This lack of phosphorylation on Plk1-T210 is the cause of the cell cycle delay, not an indirect consequence resulting from a change in the cell cycle profile at the time-points analyzed, as knockdown of Bora in cells with a cell cycle profile similar to that of control cells also had a lower level of Plk1-T210-P (Fig. 2F). Similarly, knockdown of Bora in prometaphase cells arrested with nocodazole and collected by mitotic shake-off reduced the level of Plk1-T210-P, but not Aurora A-T288-P (Fig. 2G). On the other hand, ectopic expression of GFP-Bora increased the levels of Plk1-T210-P (Fig. 2H). Again, this increase is not simply caused by a change in the cell cycle distribution, as GFP-Bora-expressing prometaphase cells also had a substantially higher level of Plk1-T210-P than GFP prometaphase cells (Fig. 2I). Thus, Bora controls the activation of Plk1 and the entry into mitosis by promoting Thr210 phosphorylation.

To understand the mechanism of Bora function, we purified Bora-associated proteins from a cell line stably expressing tandem-tagged Bora. Mass spectrometric analysis identified Plk1 as a major Bora-interacting protein (28 independent peptides identified from Plk1 with a sequence coverage of 31.8%) (Fig. 1D). Next, we examined the interaction of Bora with Plk1 across the cell cycle in synchronized HeLa S3 cells. Consistent with its function in mitotic entry, levels of Bora peaked in G2 (TT8-9), but were gradually degraded once cells entered mitosis (TT10–12) (Fig. 1A) (21). Plk1 and Bora mutually co-precipitated, and the Bora/Plk1 complex peaked in G2 (TT8-9) (Fig. 1B & D). Interestingly, although the peak of Plk1-T210-P and the Plk1 kinase activity in total cell lysates occurred in mitosis (TT10–11) (Fig. 1A & B), Bora already associated with active Plk1-T210-P in G2 cells (TT8-9) (Fig. 1D), suggesting that Bora may be directly involved in the activation of Plk1 prior to mitotic entry.
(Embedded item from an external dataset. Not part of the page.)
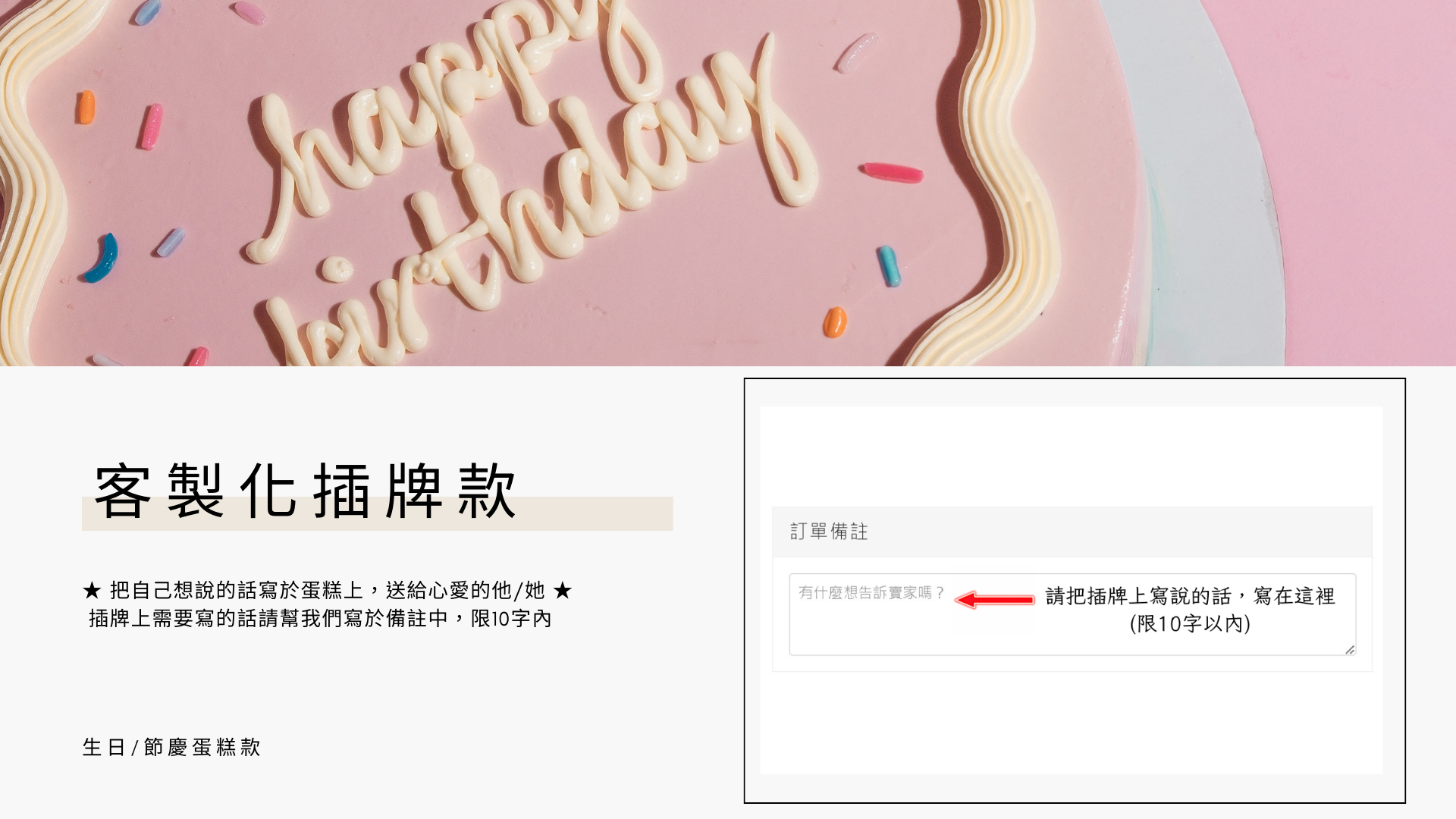 ・ 插牌上需要寫的話請幫我們寫於備註中,不限中英文,字數8字內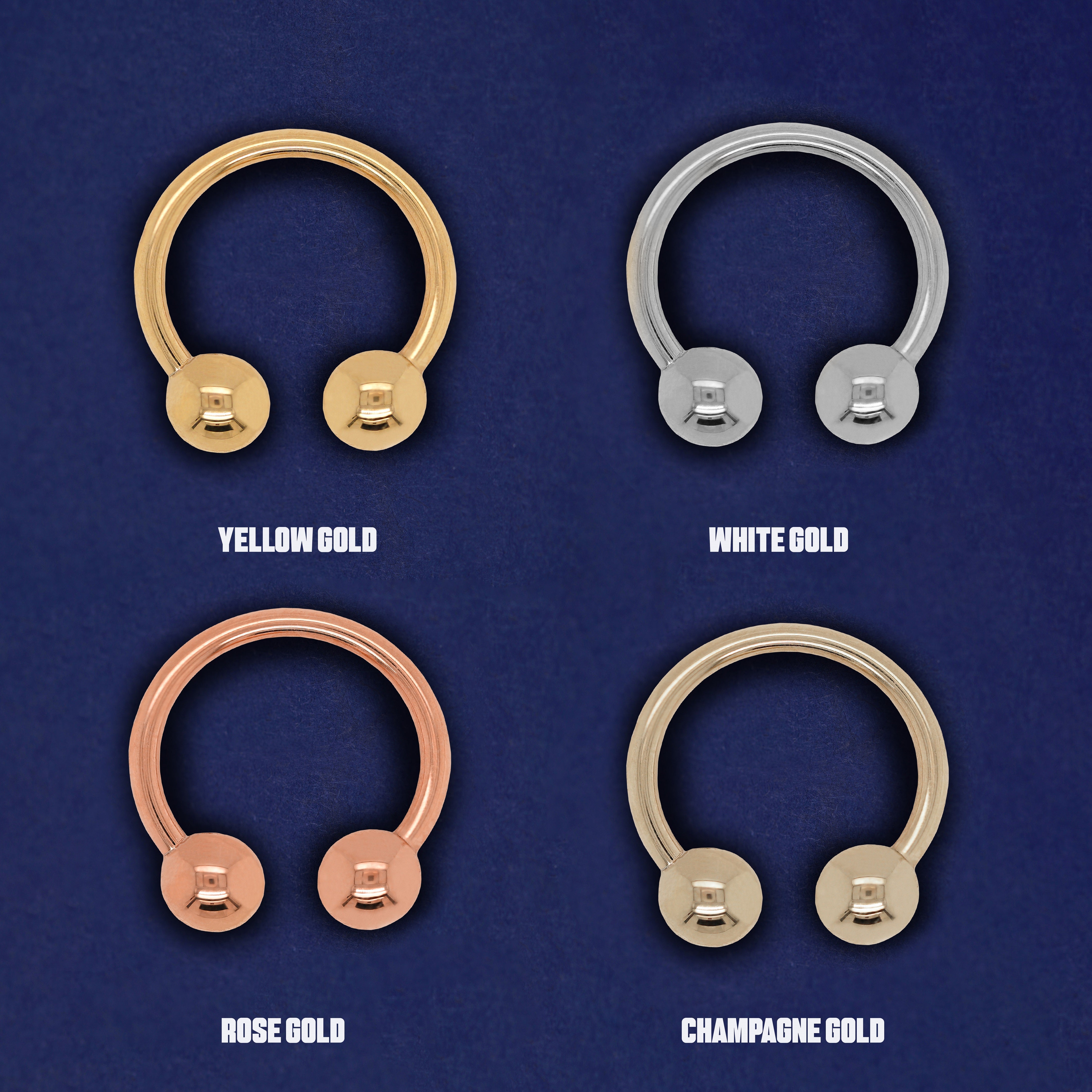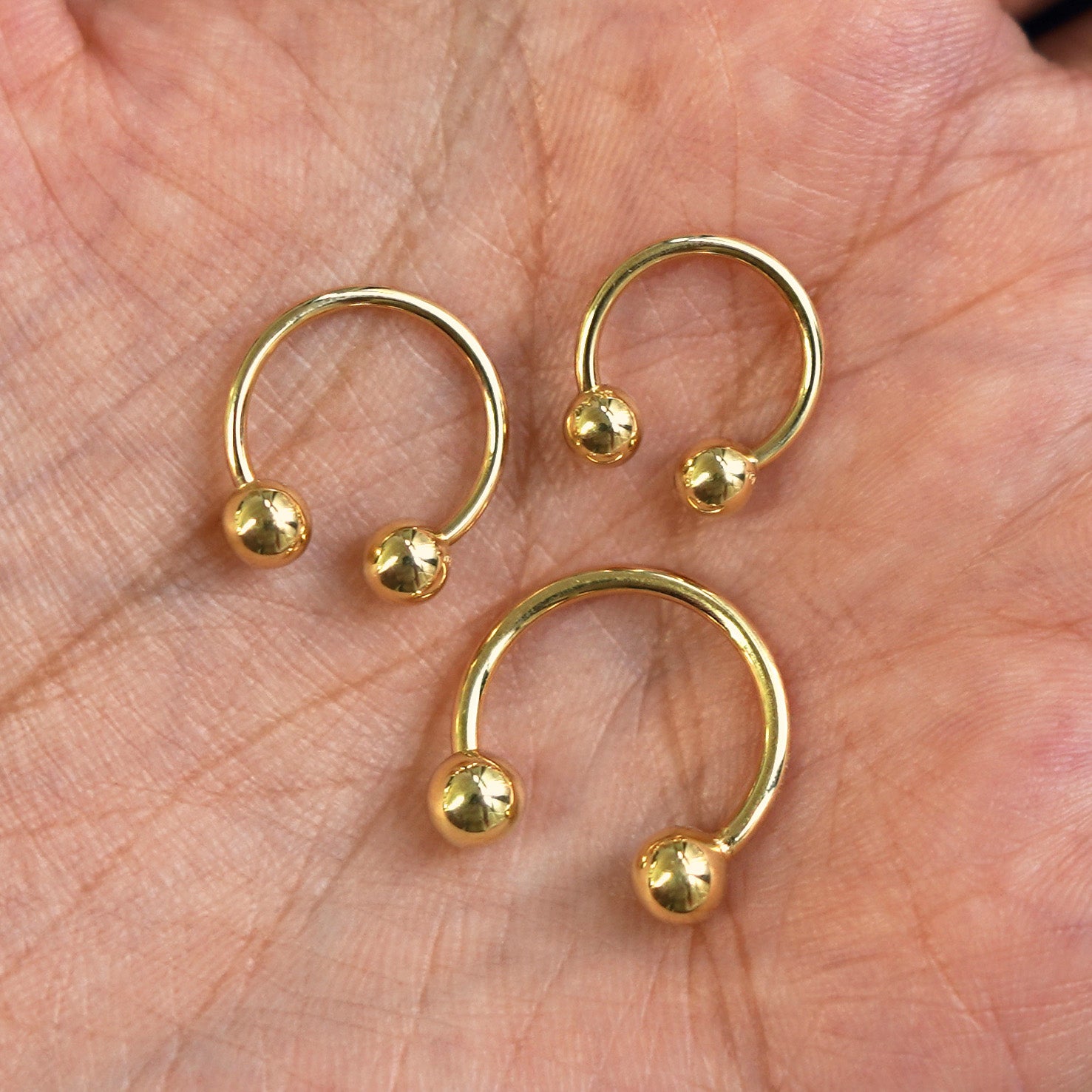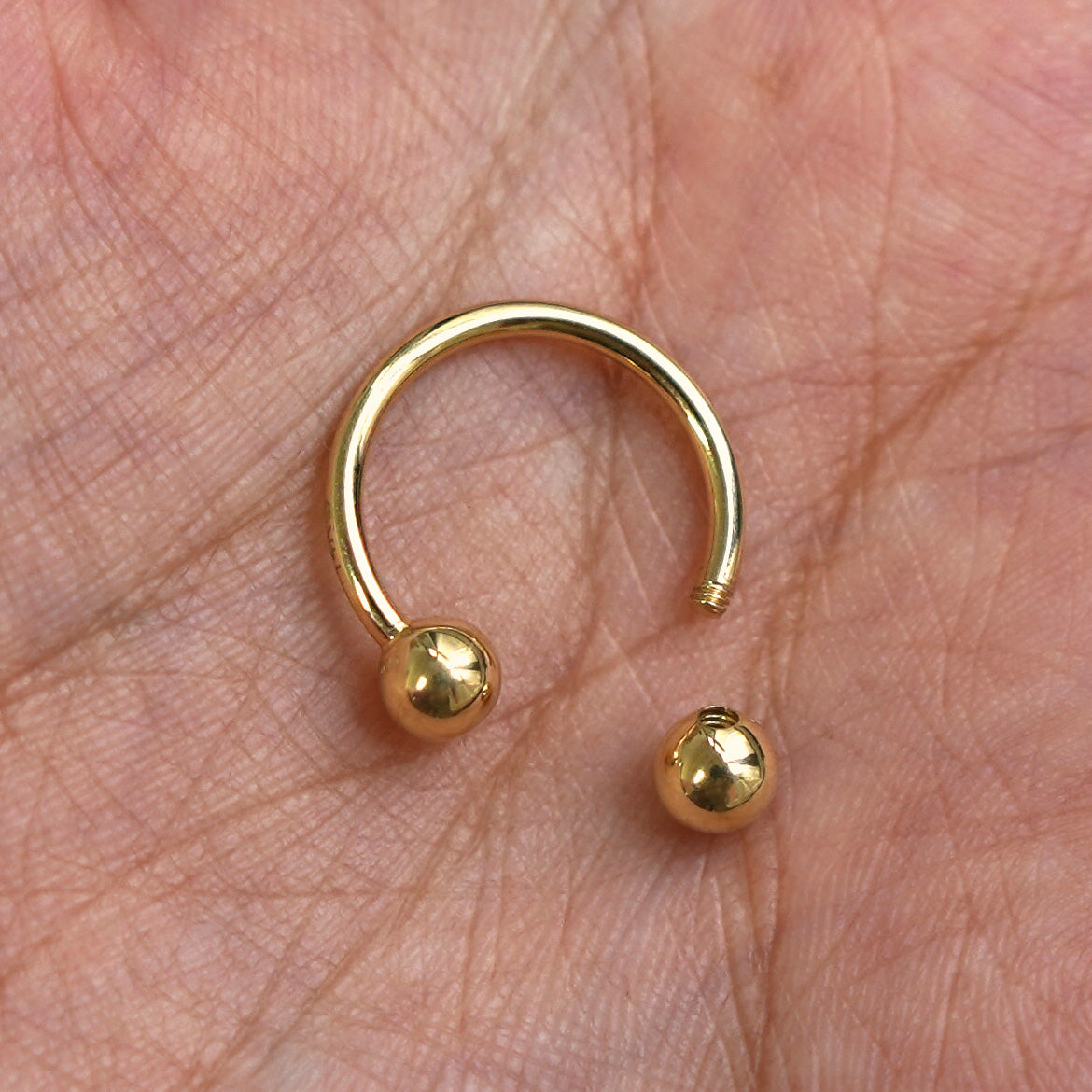 Versatile body jewelry for almost all your piercings, this cute large horseshoe ring is everything. Wear this 14k solid gold horseshoe piercing on your ear, daith, helix, lip, septum, nipple, cartilage or anywhere else! With its externally threaded screw off bead, this gold piercing is easy to put on and you’ll never want to take it off.

This interaction between Bora and Plk1 is specific, as control IgG precipitated neither Bora nor Plk1 (data not shown) and as recombinant Bora also interacted with the in vitro synthesized Plk1 and Plx1 (Fig. 1E and S3A). Bora interacts with Plk1 independent of its phosphorylation, even though Bora is hyperphosphorylated in G2 (Fig. 1F). Bora specifically interacts with Plk1, but not with Aurora A, as assayed by immunoprecipitation-Western blotting and by mass spectrometry analysis (Fig. 1C & D).

The highly conserved sequence around Thr210 in the Plk1 T-loop fits the consensus recognition site for Aurora A (Fig. 3A) (22), a mitotic kinase required for the G2/M transition (2). Furthermore, the centromere protein, CenpA, is phosphorylated by Aurora A at prophase on R-R-R-pS (23), a sequence similar to that in the Plk1 T-loop. Indeed, Aurora A directly phosphorylated recombinant Plx1 in vitro and this phosphorylation is enhanced by recombinant Bora (Fig. 3B & S4A–C). This enhancement on Plx1 phosphorylation is not due to a general stimulation of the Aurora A kinase activity by Bora as measured by its reactivity toward Histone H3, a mitotic substrate commonly assayed for the Aurora A activity (2).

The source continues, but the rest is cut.